It's been years since I took any German, but wouldn't 'Klüft' more accurately be saved as 'Klueft'? I recall that 'Küchen' and 'Kuchen' are two different words entirely (Kitchen and Cake, respectively).

Daverz

How about running replace on the string before normalizing:

title.replace(u'\xdf', 'ss')

and so on for any other special cases.

Andreas

infidel is right. It could create some form of ambiguity - at least with german words.

Michael Kallas

1) Klüft is not a german word, so don't worry too much.
2) Why do you want to generate ids from the title? This is potentially insecure as I might find a clever way for entering cross-site-scripting that way.
3) If the id should match the title, why does it have to be ascii?

Anonymous

> 2) Why do you want to generate ids from the title? This is potentially insecure as I might find a clever way for entering cross-site-scripting that way.
> 3) If the id should match the title, why does it have to be ascii?

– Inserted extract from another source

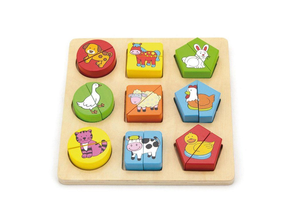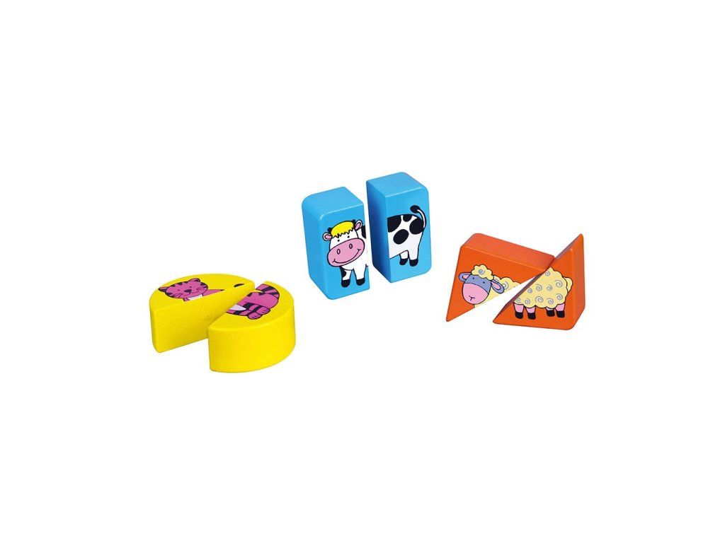 Drevené puzzle budú preto na začiatok ideálne. Dieťa sa pri ich skladaní nenechá odradiť. Sada puzzle obsahuje 9 súprav.Každá súprava sa skladá z 2 dielikov. Dodatočné puzzle pomôžu pri učení tvarov, farieb.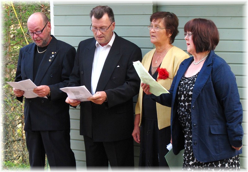 Jari piti näpäkän aloituspuheen tuttuun, rennon "letkeään" tapaansa, hieman historiaakin valoittaen ja korostaen hautausmaan merkitystä nykyaikana ihan laajemmastakin näkökulmasta. Talkootyötä Jari piti esimerkillisenä osoituksena siitä mihin pystytään, kun ryhdytään tosissaan toimeen. Irmalle, Pentille ja Saulille töiden organisoijina ja "puuhamiehinä" pitää nostaa hattua. Koko kylän imago on parantunut hyvin hoidetun hautausmaan myötä.

http://www.peterbe.com/plog/unicode-to-ascii

Jonathan Holst

I can also (by test) say, that it doesn't work with Scandinavian letters (æ, ø and å) -- they get ignored completely.

Peter Bengtsson

"på" became "pa"

Jonathan Holst

Well okay, but "Rødgrød med fløde" became "Rdgrd med flde".

Ian Bicking

This might assist, or maybe what you do is sufficiently equivalent:
http://www.crummy.com/cgi-bin/msm/map.cgi/ASCII%2C+Dammit

Victor Stinner

Hi, I wrote a script based on your idea. It transforms number, str and unicode to ASCII: http://www.haypocalc.com/perso/prog/python/any2ascii.py

It takes care of some caracters like "ßøł" (just fill smart_unicode dictionnary ;-)).

Haypo

Fredrik

Yet another approach:

http://effbot.python-hosting.com/file/stuff/sandbox/text/unaccent.py

Peter Bengtsson

Brilliant! Thank you.

gfd

gb

Bryan Eastin

Hey, I just wanted to thank you for this page. It was really helpful. I wanted to retain all 8-bit characters, so my solution was more complicated (see http://beastin.livejournal.com/6819.html), but I made use of your example.

ben

This is fantastic stuff - I was having trouble parsing film results where, for example, Rashômon was represented as Rashomon. Testing for both the unicode and ascii normalized strings before iterating to the next result really sealed it. Thanks.

Robson

Excelent! It's save my day... really thanks!

Anonymous

when writing about character encodings you want your page encoded properly.

page claims to be encoded in utf-8 but is encoded iso-latin-1

Peter Bengtsson

I know. It's terrible. It's because it's changed over time.

Gilles Lenfant

There's now the "unidecode" package that does all the job http://pypi.python.org/pypi/Unidecode/

>>> from unidecode import unidecode
>>> utext = u"œuf dür"
>>> unidecode(utext)
u'oeuf dur'
>>> from unicodedata import normalize
>>> normalize('NFKD', utext).encode('ascii','ignore')
'uf dur'

A better support for special latin extended characters (French, German) that should tranlitterate to multiple ASCII characters.

Anonymous

Peterbe to the rescue!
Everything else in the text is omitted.